HPにガラパゴス島で撮影された綺麗なハチドリの写真集があるので、そのリンク先を提示させてもらっておく。
http://mustachio.exblog.jp/14079123/
日本の世界史教科書には彼を以下のように紹介している。
「イギリスのダーウィンは1859年『種の起源』を発表し、適者生存と自然淘汰の理論をもって進化論を完成し、神学的な人間像を打破して思想界にも大きな影響を与えた。」(好学社 高等学校世界史B)
「ダーウィンは1859年『種の起源』を発表して生物進化論をとなえた。*欄外注 ダーウィンの進化論は従来の学説をくつがえしたばかりでなく、当時の宗教や哲学にも影響を与えた。」(山川出版 標準世界史 再訂版)
生物の教科書にはもっと具体的な彼の研究が記述されているものと思われる。
イギリスの教科書(帝国書院『世界の歴史教科書シリーズ4 イギリスⅣ』)には「信仰と不信―宗教とダーウィン」の見出しの下、以下のように記述している。
「伝統的見解に対するさらにいっそう深刻な挑戦となったものは特にチャールズ・ダーウィン(1809~1882)による、進化の原理の、動植物の生命に対する適用であった。詳細な観察と研究をほぼ30年間つづけたのちに、彼はあの世界的に有名になった『種の起源』を1859年に出版したのである。
ダーウィンの主張によれば、あらゆる種類の生物は、生命のある原初形態(それは単純な細胞であったろう)から何百万年にもわたって発達してきたものであった。おのおのの種における漸次的変化は、生存競争から結果的に生じてきたものである。換言すれば、弱いものは死に絶え、他方、自らを環境に適合しえたより強いものが生き残り、そのすぐれた特質を次代に伝えたのである。それは『適者生存』すなわちダーウィンの言葉を借りるなら『自然淘汰による進化』であった。
人間は特別につくられたものではなく、まったくの偶然によって『進化した』ものであるという彼の結論は、長く確立されてきた宗教信仰に対する直接的挑戦であった。ダーウィン自身はキリスト教を攻撃するつもりなどなかった。しかし、ほかの多くの科学者は、彼の理論は神に対する信仰を不必要にしたのみならず不可能にした、と主張した。もし、ダーウィンが正しければ、人間は神に似せてつくられたというようなことはほとんどありえなくなる、と彼らはいった。最初、ほとんどの聖職者は進化論を受け入れるのを拒んだ。『人間はサルの子孫である』という考えは、彼らをぞっとさせた。しかし、ダーウィンの証拠は強くて、彼の理論の基本的な原理はまもなく一般に受け入れられた。」
現行の10ポンド紙幣
エリザベス2世
ダーウィン
ハチドリと
ビーグル号
ダーウィンの
2ポンドコイン
新・旧の間に
発行された10ポンド紙幣
フローレンス・ナイチンゲールとチャールズ・ダーウィンの10ポンド紙幣の間に、チャールズ・ディケンズの肖像を描いた10ポンド紙幣が存在した。

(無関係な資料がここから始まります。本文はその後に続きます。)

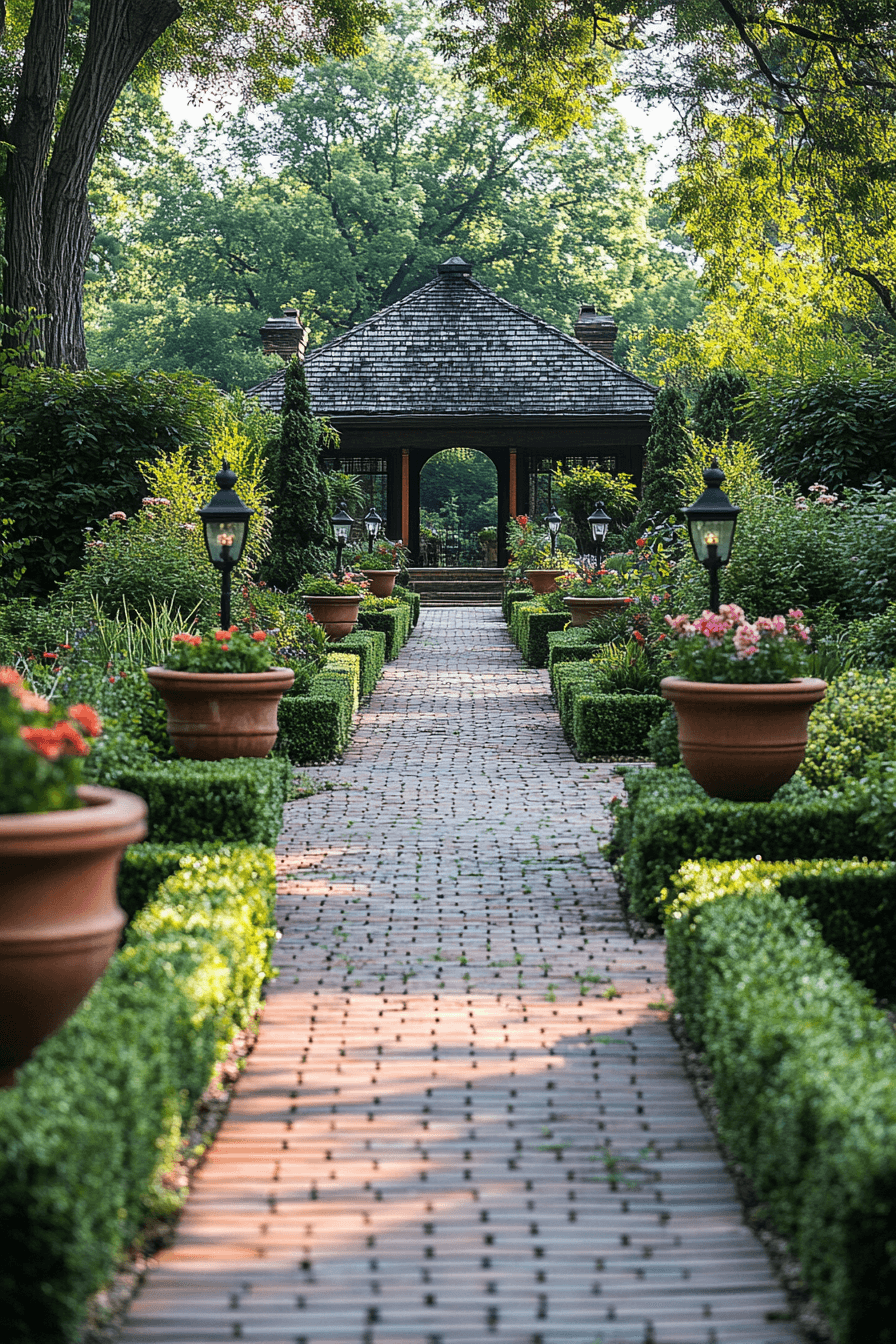 Movement and order define antique yard decor ideas inspired by colonial-style pathways. Brick and stone walkways guide the eye with purpose. Lantern lighting enhances ambiance after dusk. Trimmed greenery reinforces symmetry and tradition. Each path invites quiet exploration.

日本のどの世界史教科書の索引にも彼の名はあって必ず見つかる。それほど著名なのだが、具体的な彼や彼の作品の紹介はほとんどされていない。例えば「イギリスでも中・下層社会の人びとを描いたサッカレーやディケンズが出て写実主義がさかんになり、」(中屋健一『世界史』三省堂)というようなものだ。

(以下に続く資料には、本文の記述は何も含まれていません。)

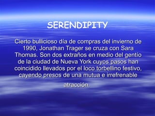 Jonathan y Sara se conocen por casualidad en una tienda en Nueva York y sienten una conexión, pero deciden dejar el destino de su relación en manos del destino. Años después, cuando ambos están a punto de casarse con otras personas, emprenden una búsqueda mutua para reencontrarse y ver si su amor puede superar al destino.
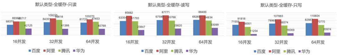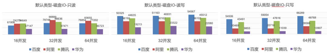 测试结果来看,百度智能云磁盘IO读写、只写场景均有优势;阿里云全缓存场景优势比较明显;腾讯云只读场景优于百度云,读写与只写场景弱于百度智能云;华为云的表现有点奇怪,各个场景均弱于其他竞品,写场景性能差距明显。
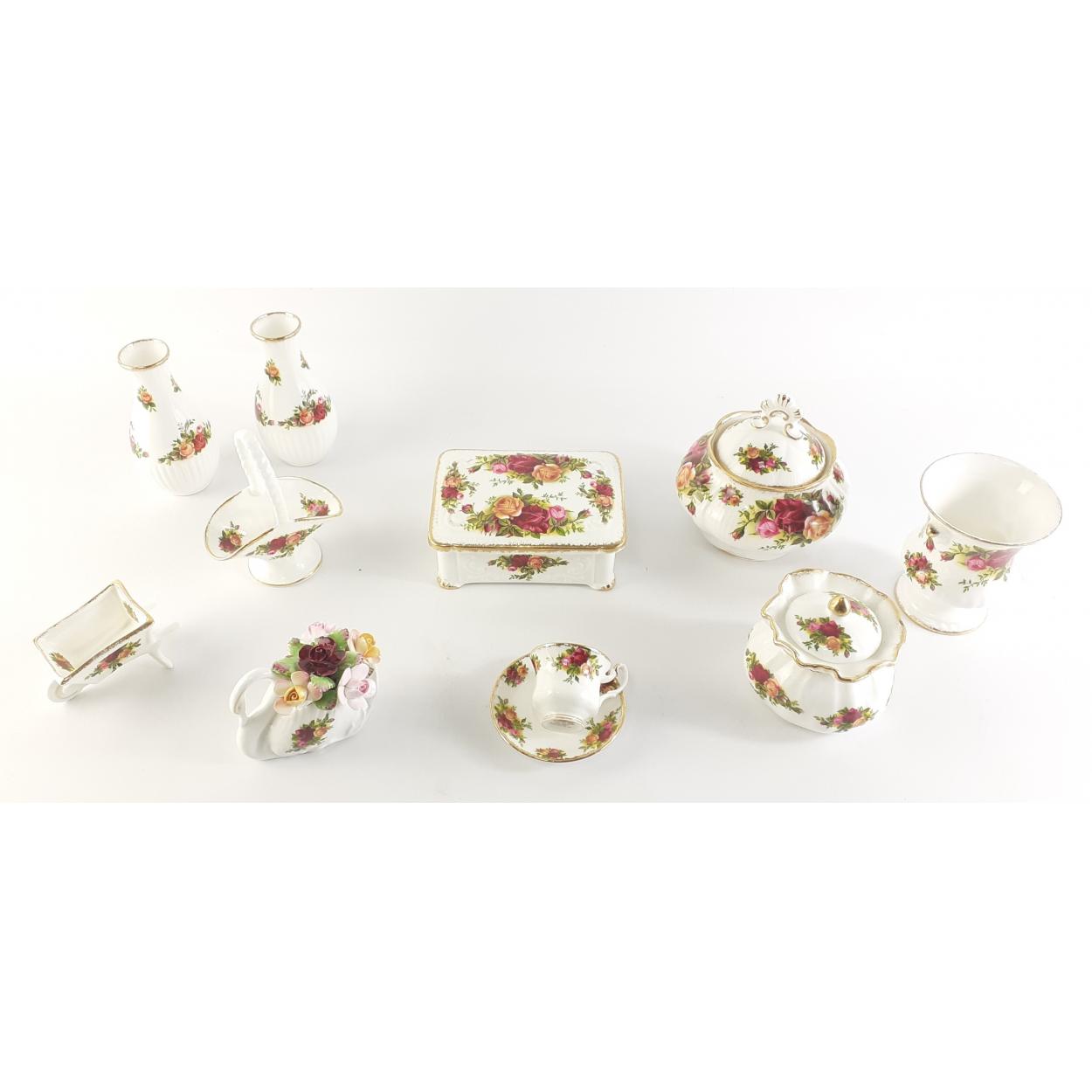 ROYAL ALBERT Old Country Roses accessories to include posy vases, trinket dishes, wheelbarrow etc.

しかし、世界中に彼の小説は翻訳されていて、人気は高い、日本でも『デイヴィド・コパーフィールド』『オリバー・ツイスト』『クリスマス・キャロル』『大いなる遺産』『荒涼館』『二都物語』『ボズのスケッチ』『ピクウィック・クラブ』『逍遥の旅人』『骨董屋』『アメリカ紀行』『リトル・ドリッド』などなどとその多くは文庫本でも見つかる。
私などは『クリスマス・キャロル』のあの冷酷な守銭奴スクルージという主人公のことが先ず頭に浮かんでくる。きっと映画の画面が強烈に頭に入っているからだろう。
紙幣の左側には、クリケットの試合が描かれている。語呂合わせではないが、「The Cricket on the Hearth」(炉辺のこおろぎ)という作品も彼にはあるにはあるが、イギリスの伝統的なスポーツであるとともに、彼の作品にもしばしば話題として登場するからであろう。
2017年に登場予定の10ポンド紙幣
イギリスの小説家ジェーン・オースティン(1775―1817)を肖像とする10ポンド紙幣がダーウィンを肖像とする現行の紙幣に代わって2017年に登場してくるとのことである。彼女の主要な作品は、『エマ』『マンスフィールド・パーク』『ノーサンガー僧院』『高慢と偏見』『説得』『分別と多感』などだそうである。これらの作品は映画やテレビに焼き直されて、イギリス国民だけでなく、世界のひとびとにも愛されているという。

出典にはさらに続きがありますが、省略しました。